The SFTP Stream Reader component allows you to connect to an SFTP server and read data streams in real time. It supports authentication using either username and password or SSH key-based authentication and can process multiple file formats such as CSV, JSON, and XML.

Configuration Sections

The SFTP Stream Reader component configurations are organized into the following sections:

  • Basic Information

  • Meta Information

  • Resource Configuration

  • Connection Validation

Meta Information Configuration

Parameter
Description
Example
Required

Host

Hostname or IP address of the SFTP server.

sftp.example.com

Yes

Port

Port number for the SFTP server.

22

Yes

Username

Username for authentication.

datauser

Yes

Authentication

Authentication type. Options: Password or PEM/PPK File.

Password

Yes

Password

Password for authentication (if Password is selected).

********

Conditional

PEM/PPK File

SSH key file for authentication (if PEM/PPK is selected). Must be uploaded via UI.

id_rsa.ppk

Conditional

Reader Path

Directory path on the SFTP server where the file(s) are located.

/data/incoming/

Yes

Channel

Streaming channel type. Only SFTP is supported.

SFTP

Yes

Add File Name

Include the file name in the output data.

true

Optional

File Type

Type of file being read. Options: CSV, JSON, XML.

CSV

Yes

File Metadata Topic

Kafka event name where file metadata will be sent.

sftp_metadata_event

Optional

Column Filter

Select specific columns to read. Optionally provide an alias and column type.

id AS employee_id, name STRING

Optional

File Type Configuration

CSV

When CSV is selected as the file type:

  • Header: Enable to use the first row as column headers.

  • Infer Schema: Enable to automatically detect the schema.
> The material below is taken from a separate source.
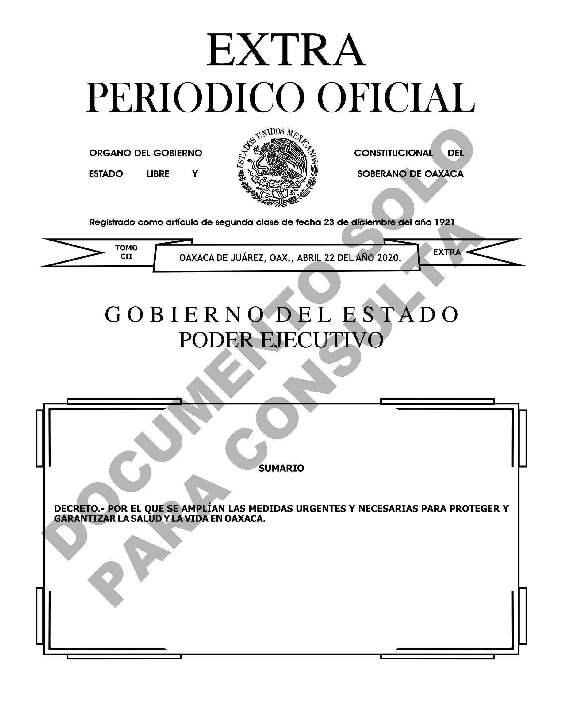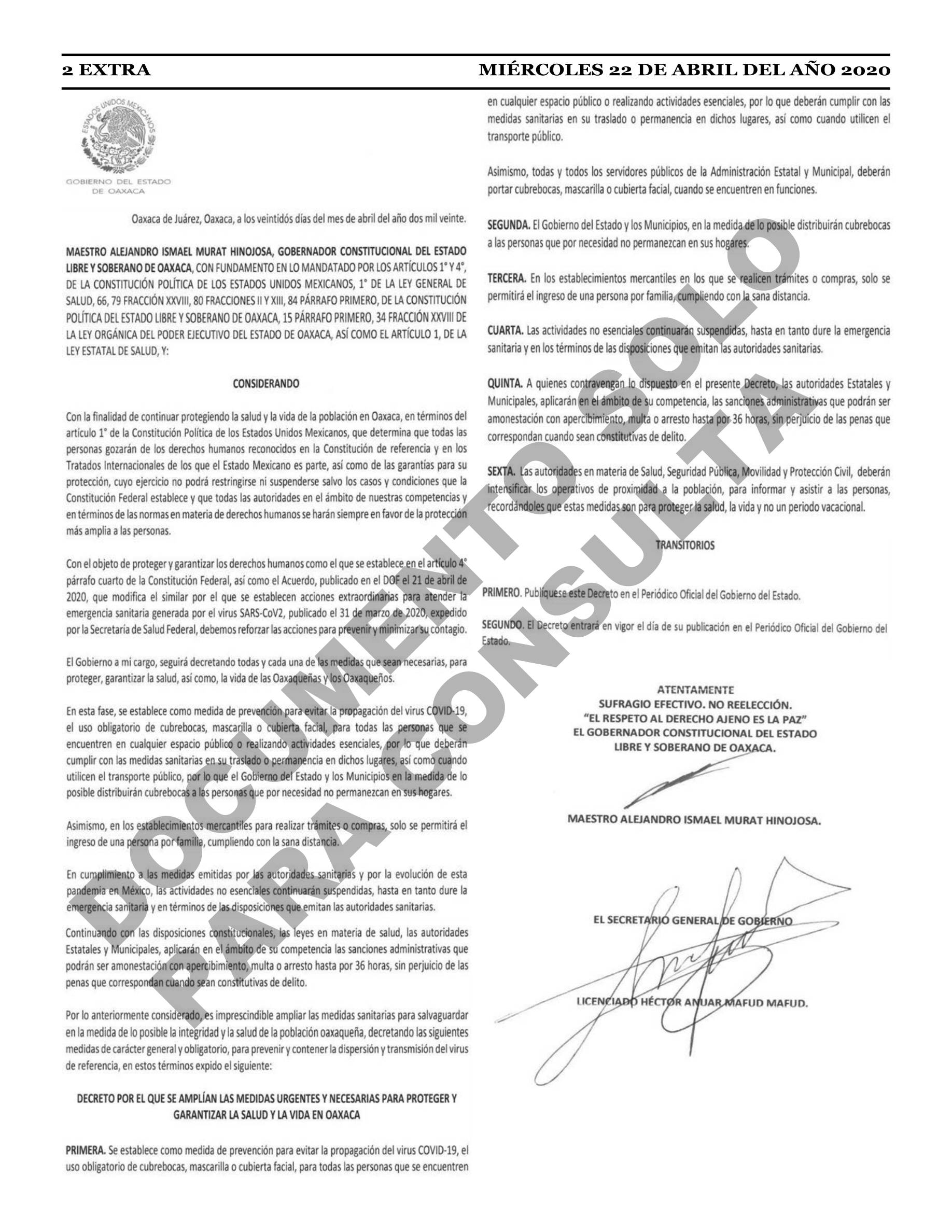 Oaxaca de Juárez, Oax. 22 de abril de 2020. El gobernador Alejandro Murat Hinojosa emitió este miércoles un tercer decreto con el cual se amplían las medidas urgentes y necesarias para proteger y garantizar la salud y la vida de las y los oaxaqueños, ante la pandemia del COVID-19.

  • Schema: Optionally paste a Spark schema definition for the CSV.

Example Schema:

{
  "fields": [
    {"name": "id", "type": "integer"},
    {"name": "name", "type": "string"},
    {"name": "salary", "type": "double"}
  ]
}

JSON

When JSON is selected as the file type:

  • Multiline: Enable if the JSON file contains multiline records.

  • Charset: Specify the character encoding (e.g., UTF-8).

XML

When XML is selected as the file type, the following options are available:

  • Infer Schema: Enable to automatically detect column schema.

  • Path: Path of the XML file.

  • Root Tag: The root tag of the XML file.

  • Row Tags: The tag identifying rows/documents in the XML.

  • Join Row Tags: Enable to join multiple row tags.

File Metadata Handling

  • File Metadata Topic: Sends metadata (such as file name, size, timestamp) to a Kafka event stream for downstream processing.

Uploading and Downloading Schema

  • Upload File: Upload system files (CSV or JSON) for quick schema configuration.

  • Download Data (Schema): Download the schema structure in JSON format.

Example Configuration

Reading a CSV File

Host: sftp.example.com
Port: 22
Username: datauser
Authentication: Password
Password: ********
Reader Path: /data/incoming/sales.csv
File Type: CSV
Header: true
Infer Schema: true

Reading an XML File

Host: sftp.example.com
Port: 22
Username: datauser
Authentication: PEM/PPK
PEM/PPK File: id_rsa.ppk
Reader Path: /data/xml/invoices.xml
File Type: XML
Root Tag: invoices
Row Tags: invoice
Join Row Tags: false

Notes

  • Use Password authentication for quick setup; use PEM/PPK File for enhanced security.

  • Schema inference may impact performance for very large files; for production workloads, provide a schema explicitly.

  • The File Metadata Topic integration with Kafka allows real-time monitoring and downstream triggers.